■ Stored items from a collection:
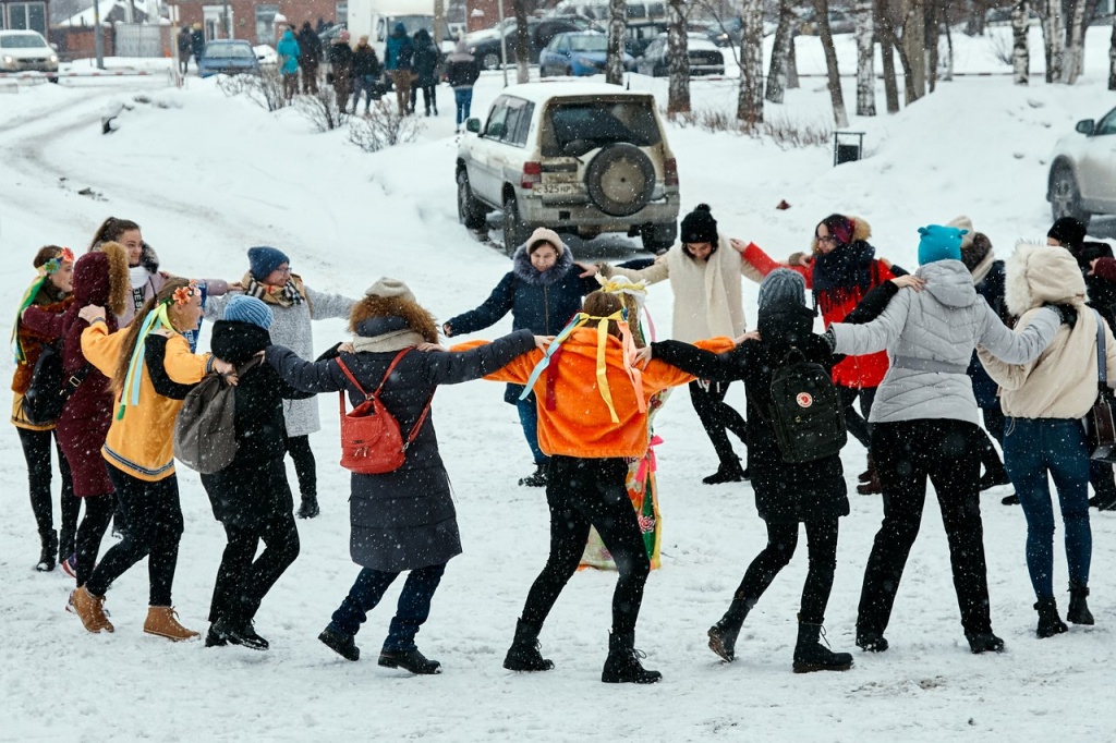 Проводы зимы сопровождались исполнением веселых русских народных песен, под которые студенты продолжали танцевать даже по окончании мероприятия.
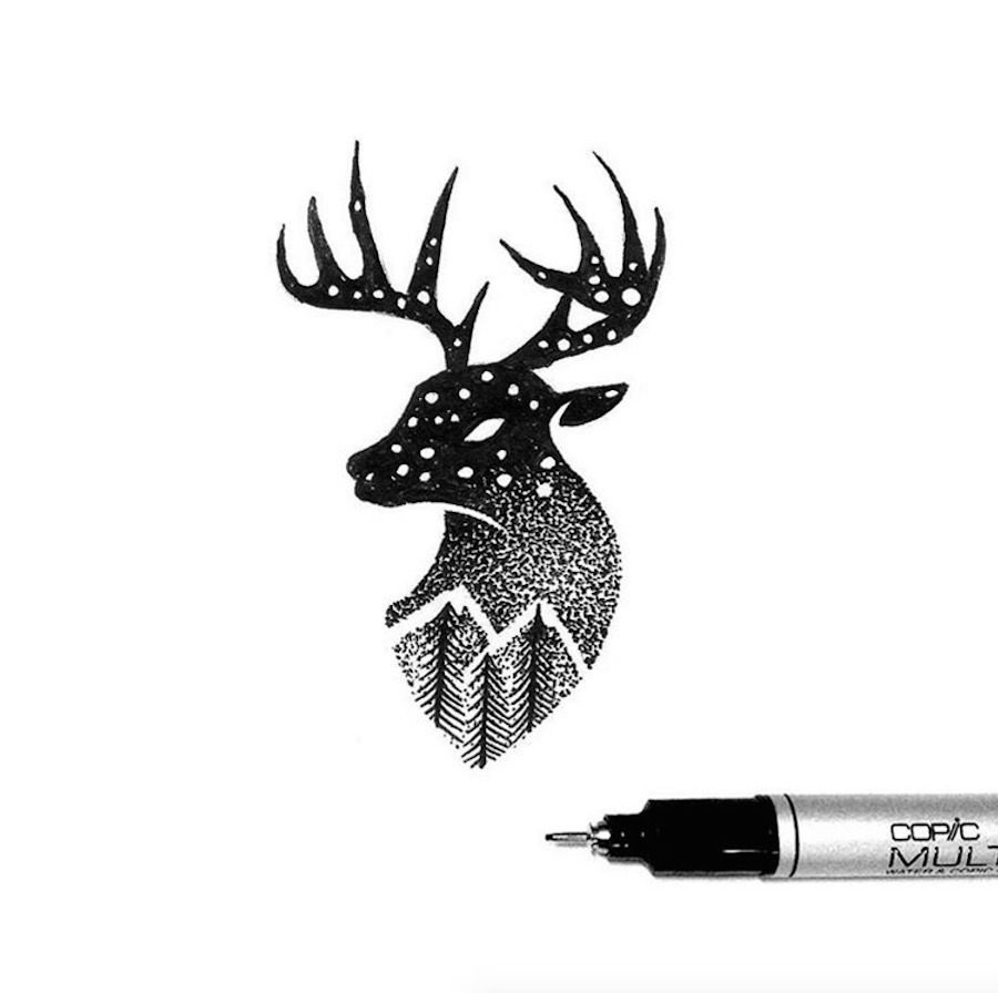 Олень черной ручкой
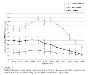 | בתמונה: אחד מהגרפים במחקר שמראה את ההבדל העצום בין מחוסנים ללא מחוסנים בהופעה של שלבקת חוגרת אצל ילדים מגילאים 0 עד 17 שנים |
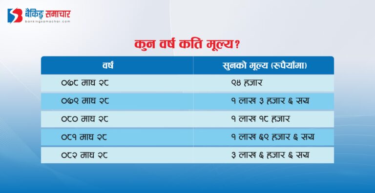 नेपाली बजारमा पछिल्लो पाँच वर्षमा सुनको मूल्य करिब तेब्बरले बढेर ३ लाख रुपैयाँ भन्दा माथि पुगेको छ। ०७८ माघ २८ सम्ममा प्रतितोला ९४ हजार रुपैयाँ भएको सुनको मूल्य २०८२ को माघ २८ गते १ लाख ३ हजारु रुपैयाँ पुगेको थियो। त्यस्तै, २०८१ माघ २८ गते सुनको मूल्य प्रतितोला १ लाख ६९ हजार रुपैयाँ रहेकोमा २०८२ को सोही दिन सुन साढे २ लाख रुपैयाँले बढेर ३ लाख ६ हजार ६ सय रुपैयाँ पुगेको छ।
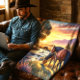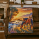 Cobertor De Velo Mustang Horse Grazing by Stream no Sunset
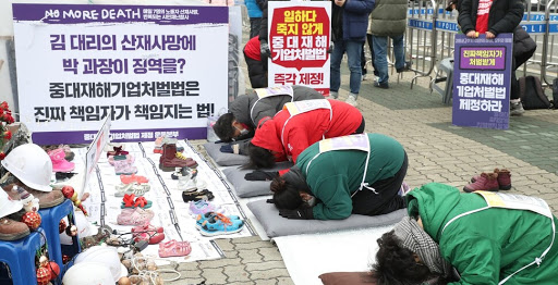 중대재해기업처벌법은 2020년 전태일 열사 사망 50주기를 맞아 다수의 노동 관련 단체가 요구한 법안 중 하나였죠. 또한 2018년 충남 태안 화력발전소에서 일하다 숨진 비정규직 김용균 씨의 어머니인 김미숙 김용균재단 이사장이 2020년 9월 국회에 청원을 올려 10만 명 이상의 동의를 받았기 때문에 국회에서 통과되리라고 여긴 법이었습니다.
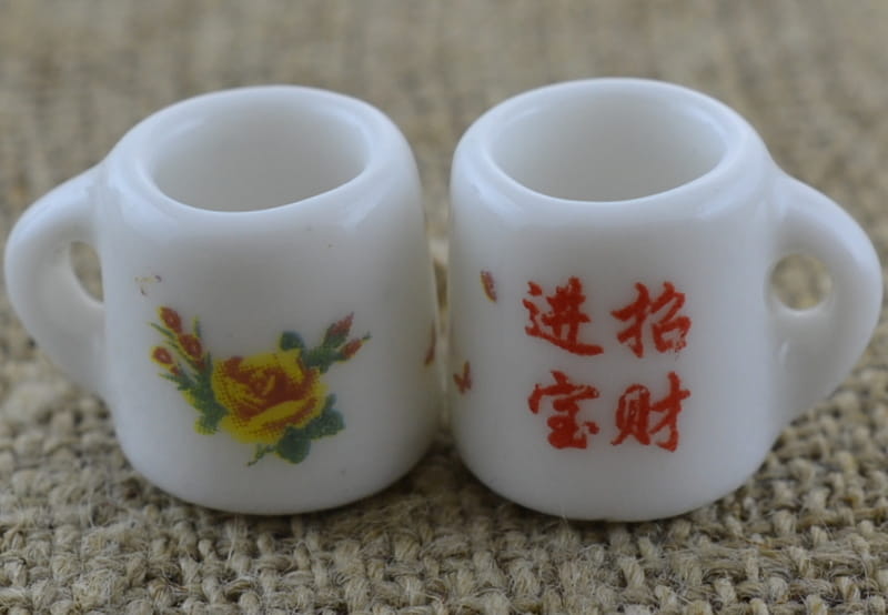 [61461] Miniaturowy kubek ceramiczny róże żółte
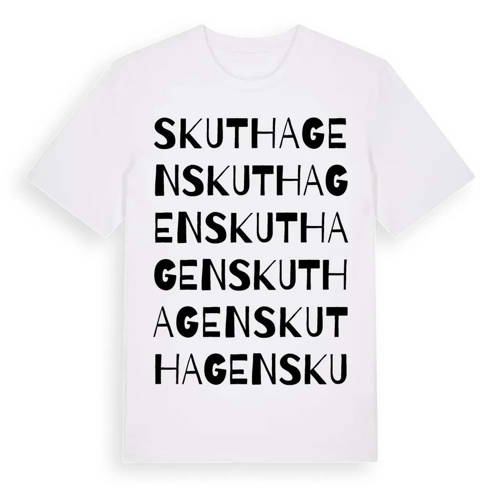 Skuthagen ordlek t-shirt är inspirerad av Skuthagen i Östergötlands län, Sverige. Tröjan är designad för dig som har en speciell koppling till platsen – oavsett om du bor här, har rötterna här eller bara älskar Skuthagen.
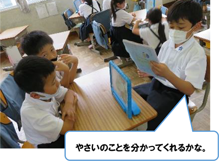 また,紹介したい場面の写真をもとに紹介文やクイズを作る活動を仕組む。同じ野菜同士の対話を通して,「何を紹介するのか」「どんなふうに紹介するのか」「なぜそうなっているのだろうか」などの観点で話し合い,修正等を行う。さらに,違う野菜を育てている友だちに紹介し,賞賛や修正をしていく。その際,1年生に分かりやすいかどうかを意識させた。
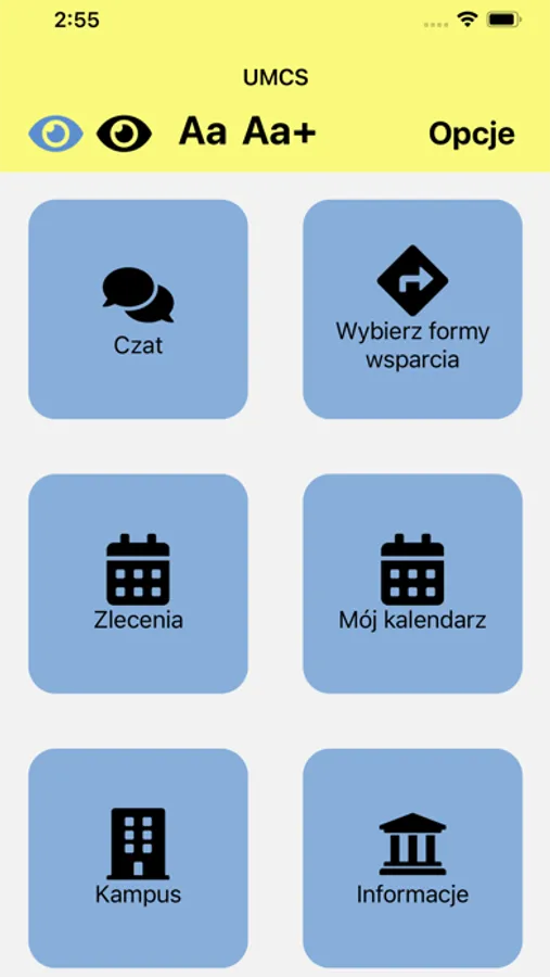 Głównym celem jest usprawnienie procesu organizacji form wsparcia dla osób ze szczególnymi potrzebami oraz komunikacji z Zespołu ds. wsparcia osób z niepełnosprawnościami UMCS, asystentami, osobami zapewniającymi wsparcie psychologiczne, tłumaczami języka migowego oraz innymi podmiotami współpracujących z Zespołem ds. Wsparcia. Aplikacja umożliwia:
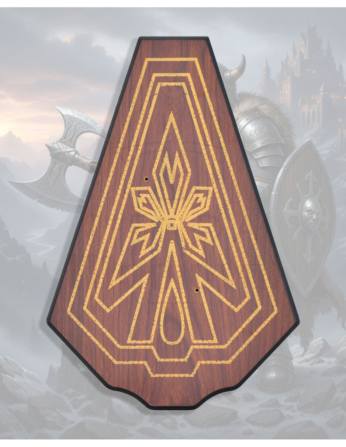 Esta peça homenageia o herói anão, oferecendo uma réplica ornamental que se destaca por sua presença e seu acabamento projetado para exibição. O design de lâmina dupla e o acabamento fosco na cabeça conferem um aspecto feroz e realista, enquanto as decorações geométricas douradas acrescentam um ar cerimonial, perfeito para quem busca uma peça com história visual.
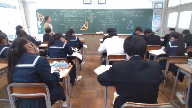 (写真 1、2枚目:2年1組 数学・少人数「三角形と四角形」)
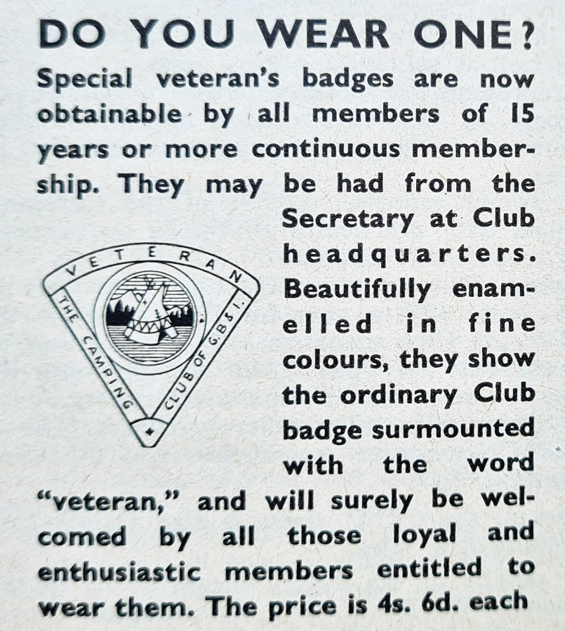 Advertisement for ‘Veteran’ badge, from 1959 Club Year Book
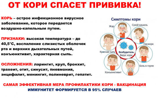 Корь очень заразна. Зачастую, источниками заражения становятся лица, посетившие «опасные» страны и, соответственно, лица, не прошедшие вакцинацию. В 90% случаев корь как лавина передается всем тем, кто контактировал с зараженным человеком. Главным источником заражения для населения являются мигранты из менее благополучных территорий (Украина, Таджикистан, Казахстан, Дагестан и прочих). Во многих субъектах РФ регистрируется корь, вначале как завозной случай, а далее уже местные, так как достаточно большое количество жителей не имеют прививок.
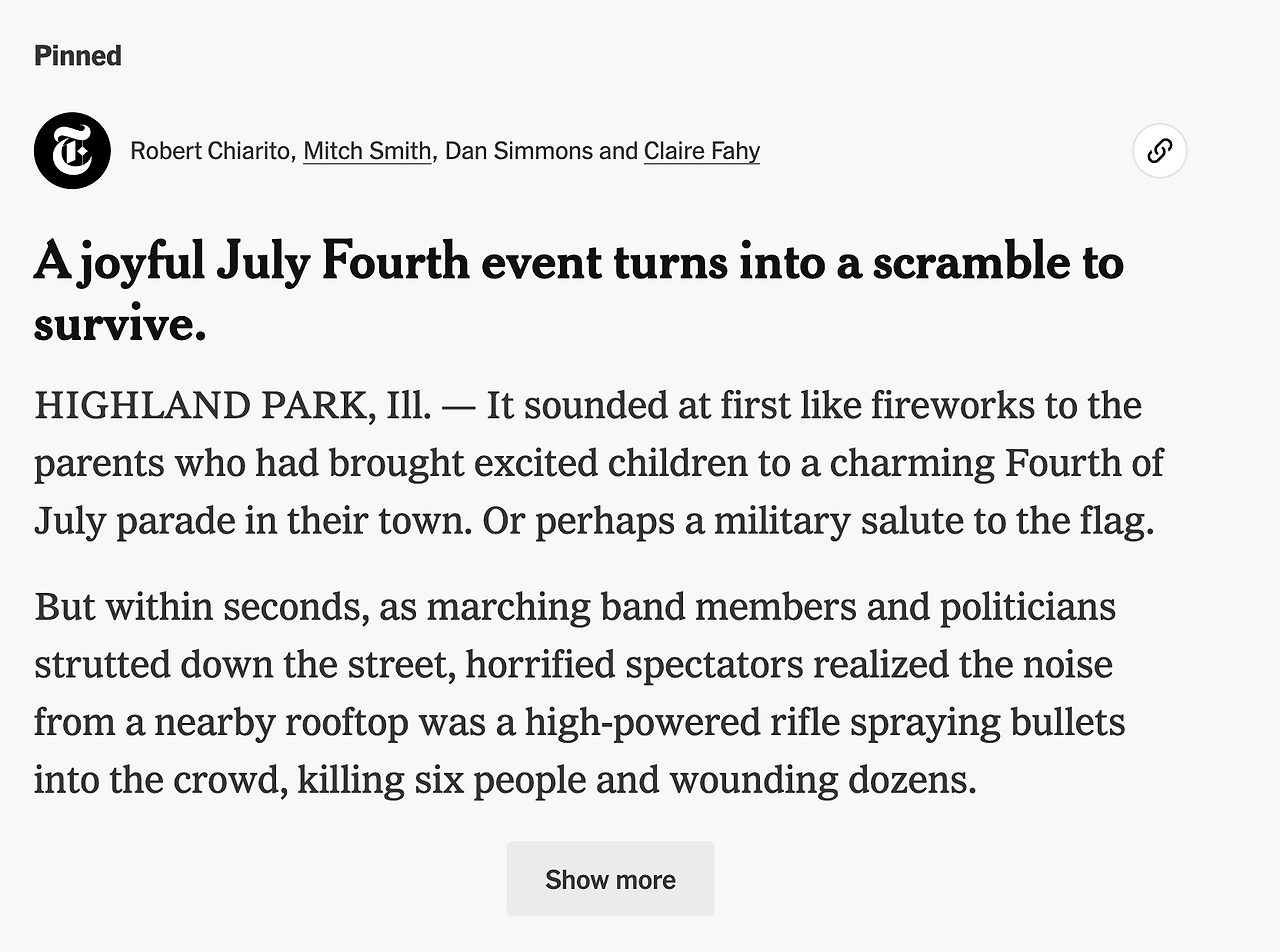 독립기념일 퍼레이드에 신난 어린이들을 데리고 왔었던 그 부모님들에게는 그게 처음에 폭죽을 터뜨리는 소리처럼 들렸습니다. 아니면 국기를 향한 군대식 인사같은 것정도로 들렸죠.
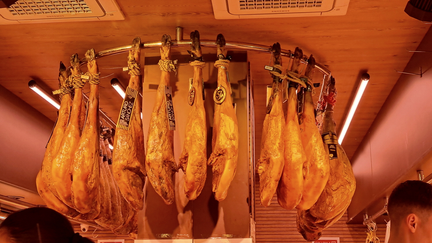 무게는 보통 뒷다리 한 덩어리에 8~9Kg. 대략 900~1,000 유로를 훌쩍 넘는다. 고급품은 훨씬 더 비싸다. 얇게 6~7 조각 정도를 썰어 놓은 것이 100g 이다. 중간 정도의 Tangerine 6 조각 정도의 무게이다. 붙여진 가격이 14~15 유로 정도이다. 엄청나게 짜디짠 하몽 덕분에 콜럼버스가 기나긴 항해를 하며 아메리카 대륙을 발견할 수 있었다고 하는데 수긍이 간다.
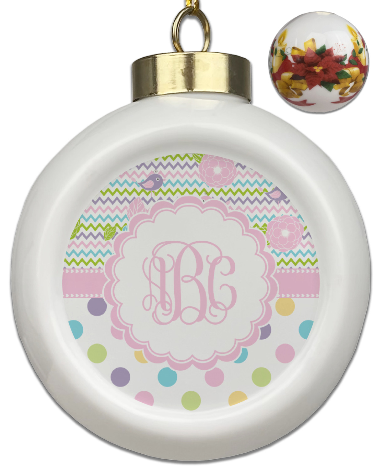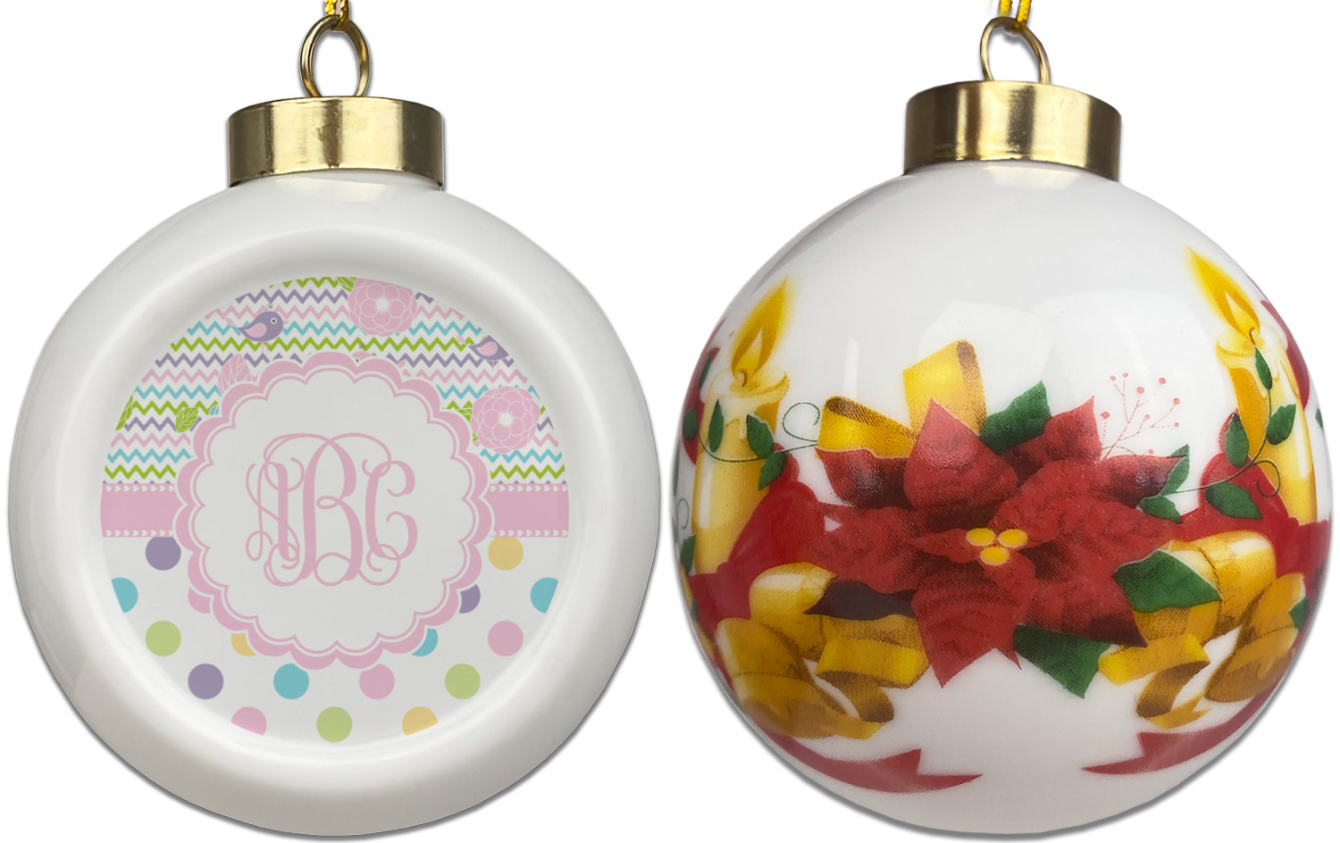 Our Christmas ornaments are a unique ceramic ball shape with a twist as it has a flat face to display your custom design! Select from one of our two design types - Christmas Tree or Poinsettia Garland - to adorn the curved back of your personal design. Each ornament measures 3H x 2.5W x 2D accompanied with a gold string accent for finishing touches to hang on your beautiful Christmas tree!

■ What you need to do: Each entry above should be written out again exactly, without its pictures.

■ Response:
 Проводы зимы сопровождались исполнением веселых русских народных песен, под которые студенты продолжали танцевать даже по окончании мероприятия.
 Олень черной ручкой
 | בתמונה: אחד מהגרפים במחקר שמראה את ההבדל העצום בין מחוסנים ללא מחוסנים בהופעה של שלבקת חוגרת אצל ילדים מגילאים 0 עד 17 שנים |
 नेपाली बजारमा पछिल्लो पाँच वर्षमा सुनको मूल्य करिब तेब्बरले बढेर ३ लाख रुपैयाँ भन्दा माथि पुगेको छ। ०७८ माघ २८ सम्ममा प्रतितोला ९४ हजार रुपैयाँ भएको सुनको मूल्य २०८२ को माघ २८ गते १ लाख ३ हजारु रुपैयाँ पुगेको थियो। त्यस्तै, २०८१ माघ २८ गते सुनको मूल्य प्रतितोला १ लाख ६९ हजार रुपैयाँ रहेकोमा २०८२ को सोही दिन सुन साढे २ लाख रुपैयाँले बढेर ३ लाख ६ हजार ६ सय रुपैयाँ पुगेको छ।
 Cobertor De Velo Mustang Horse Grazing by Stream no Sunset
 중대재해기업처벌법은 2020년 전태일 열사 사망 50주기를 맞아 다수의 노동 관련 단체가 요구한 법안 중 하나였죠. 또한 2018년 충남 태안 화력발전소에서 일하다 숨진 비정규직 김용균 씨의 어머니인 김미숙 김용균재단 이사장이 2020년 9월 국회에 청원을 올려 10만 명 이상의 동의를 받았기 때문에 국회에서 통과되리라고 여긴 법이었습니다.
 [61461] Miniaturowy kubek ceramiczny róże żółte
 Skuthagen ordlek t-shirt är inspirerad av Skuthagen i Östergötlands län, Sverige. Tröjan är designad för dig som har en speciell koppling till platsen – oavsett om du bor här, har rötterna här eller bara älskar Skuthagen.
 また,紹介したい場面の写真をもとに紹介文やクイズを作る活動を仕組む。同じ野菜同士の対話を通して,「何を紹介するのか」「どんなふうに紹介するのか」「なぜそうなっているのだろうか」などの観点で話し合い,修正等を行う。さらに,違う野菜を育てている友だちに紹介し,賞賛や修正をしていく。その際,1年生に分かりやすいかどうかを意識させた。
 Głównym celem jest usprawnienie procesu organizacji form wsparcia dla osób ze szczególnymi potrzebami oraz komunikacji z Zespołu ds. wsparcia osób z niepełnosprawnościami UMCS, asystentami, osobami zapewniającymi wsparcie psychologiczne, tłumaczami języka migowego oraz innymi podmiotami współpracujących z Zespołem ds. Wsparcia. Aplikacja umożliwia:
 Esta peça homenageia o herói anão, oferecendo uma réplica ornamental que se destaca por sua presença e seu acabamento projetado para exibição. O design de lâmina dupla e o acabamento fosco na cabeça conferem um aspecto feroz e realista, enquanto as decorações geométricas douradas acrescentam um ar cerimonial, perfeito para quem busca uma peça com história visual.
 (写真 1、2枚目:2年1組 数学・少人数「三角形と四角形」)
 Advertisement for ‘Veteran’ badge, from 1959 Club Year Book
 Корь очень заразна. Зачастую, источниками заражения становятся лица, посетившие «опасные» страны и, соответственно, лица, не прошедшие вакцинацию. В 90% случаев корь как лавина передается всем тем, кто контактировал с зараженным человеком. Главным источником заражения для населения являются мигранты из менее благополучных территорий (Украина, Таджикистан, Казахстан, Дагестан и прочих). Во многих субъектах РФ регистрируется корь, вначале как завозной случай, а далее уже местные, так как достаточно большое количество жителей не имеют прививок.
 독립기념일 퍼레이드에 신난 어린이들을 데리고 왔었던 그 부모님들에게는 그게 처음에 폭죽을 터뜨리는 소리처럼 들렸습니다. 아니면 국기를 향한 군대식 인사같은 것정도로 들렸죠.
 무게는 보통 뒷다리 한 덩어리에 8~9Kg. 대략 900~1,000 유로를 훌쩍 넘는다. 고급품은 훨씬 더 비싸다. 얇게 6~7 조각 정도를 썰어 놓은 것이 100g 이다. 중간 정도의 Tangerine 6 조각 정도의 무게이다. 붙여진 가격이 14~15 유로 정도이다. 엄청나게 짜디짠 하몽 덕분에 콜럼버스가 기나긴 항해를 하며 아메리카 대륙을 발견할 수 있었다고 하는데 수긍이 간다.
 Our Christmas ornaments are a unique ceramic ball shape with a twist as it has a flat face to display your custom design! Select from one of our two design types - Christmas Tree or Poinsettia Garland - to adorn the curved back of your personal design. Each ornament measures 3H x 2.5W x 2D accompanied with a gold string accent for finishing touches to hang on your beautiful Christmas tree!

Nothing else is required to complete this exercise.